Artigo publicado no “Expresso Online”, a 5 de março de 2021. Pode ser consultado aqui

Marrocos normaliza relação com Israel e recebe presente de Donald Trump

Ao mesmo tempo que saudava a oficialização da relação diplomática entre marroquinos e israelitas, o Presidente dos Estados Unidos anunciou que vai reconhecer a soberania de Marrocos sobre o território do Sara Ocidental

E vão quatro. Depois de Emirados Árabes Unidos, Bahrain e Sudão, o reino de Marrocos tornou-se, esta quinta-feira, o quarto país árabe a aceitar a normalização da sua relação diplomática com Israel. Tudo isto em apenas quatro meses.
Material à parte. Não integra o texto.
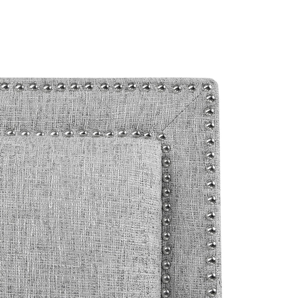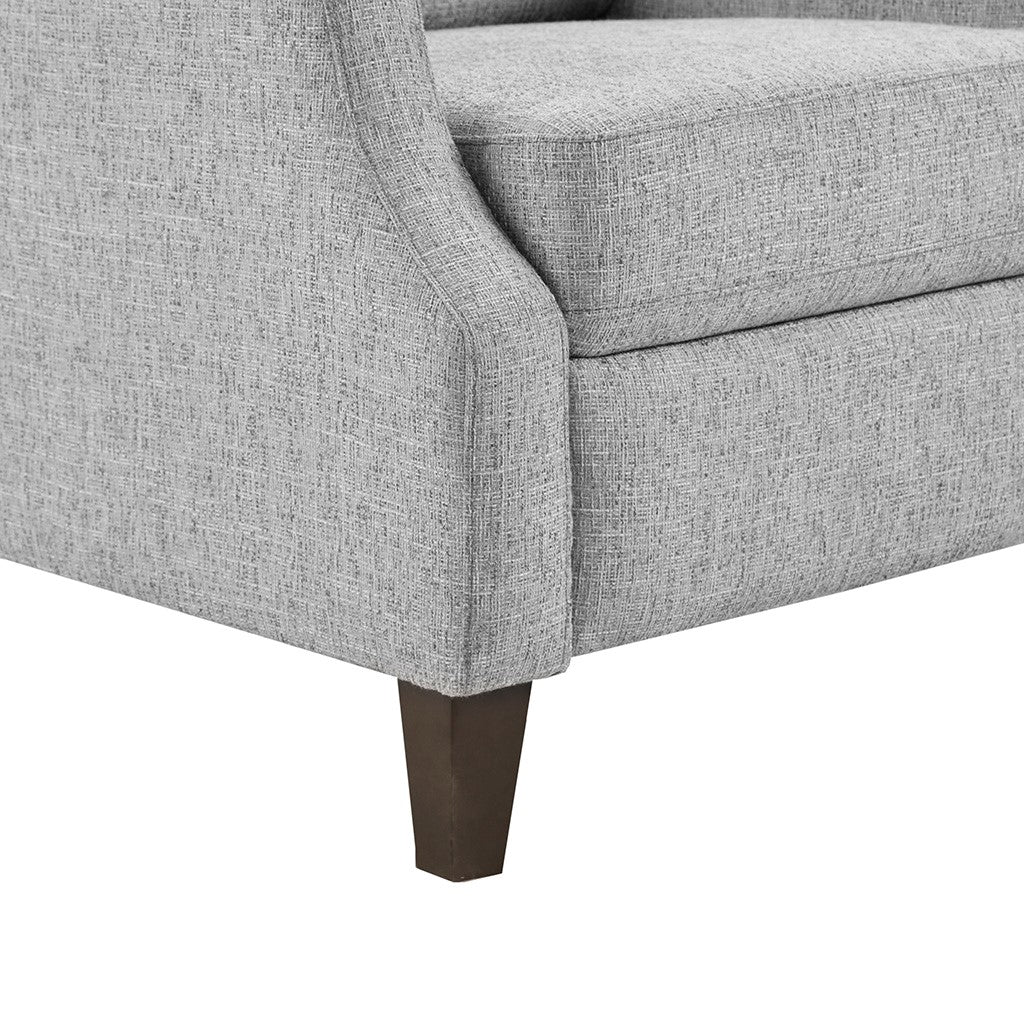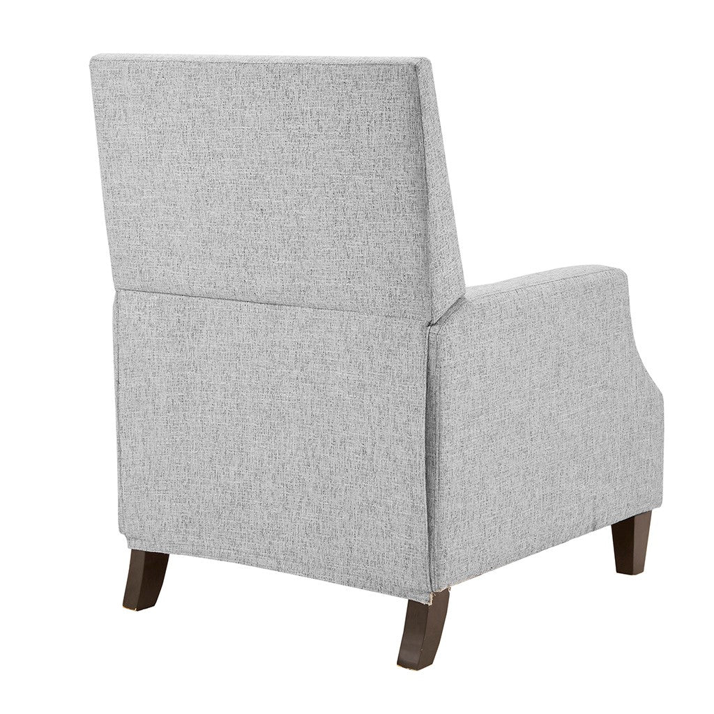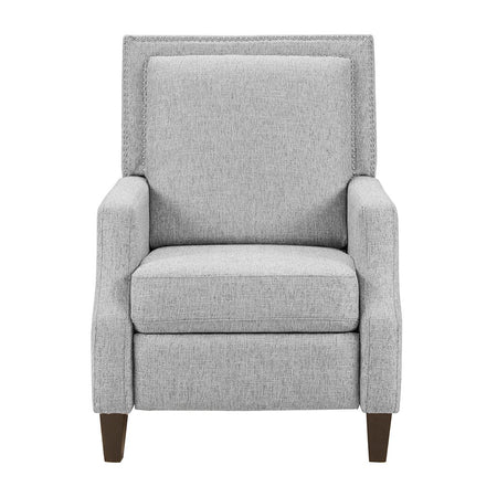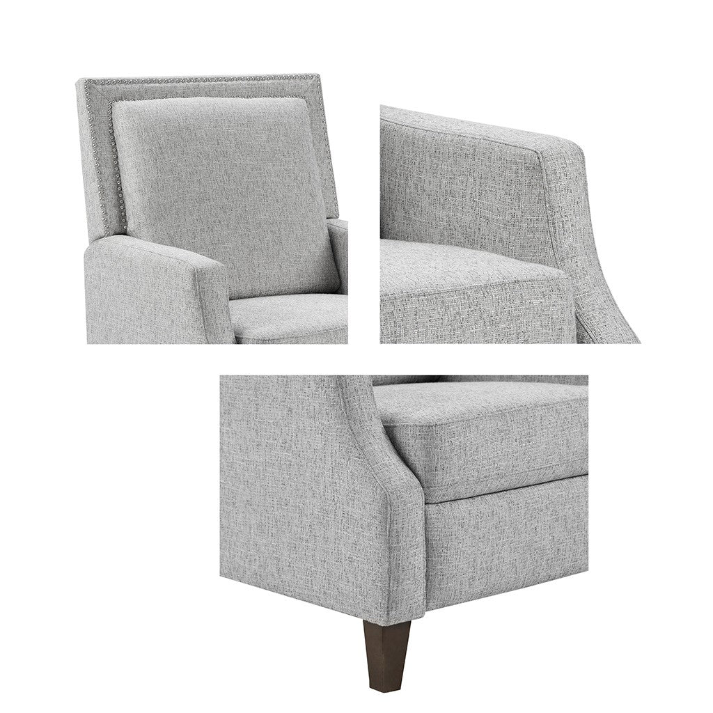 Sit back and relax in the comfort of the Madison Park Naomi Push Back Recliner. The solid grey upholstery and black finish on the squared wooden legs create a stunning look while the double row of the silver nail heads provides an elegant trim. A high back and track arms form a simple silhouette, making this recliner the perfect addition to your transitional style living room. This recliner also features a maximum weight capacity of 300 lbs. You can easily recline back in luxurious comfort.Partial assembly required and no tools are needed.

O anúncio foi feito na rede social Twitter pelo Presidente dos Estados Unidos, que mediou o processo. Na sua reta final em funções, a Administração Trump tem investido na aproximação entre Israel e o mundo árabe sunita, num quadro designado por Acordos de Abraão.

Donald Trump saudou “outro avanço histórico”. “Os nossos dois GRANDES amigos, Israel e o reino de Marrocos, concordaram em estabelecer relações diplomáticas plenas — um imenso avanço pela paz no Médio Oriente!”

https://twitter.com/realDonaldTrump/status/1337067073051238400

Este passo entre Rabat e Telavive é a consagração oficial de uma relação que já existia clandestinamente e que agora vai desenvolver-se sem constrangimentos. Segundo a imprensa israelita, a companhia aérea El Al está a equacionar pelo menos um voo diário entre os dois países e operadores turísticos estimam que 150 mil israelitas possam, em 2021, escolher Marrocos como destino de férias.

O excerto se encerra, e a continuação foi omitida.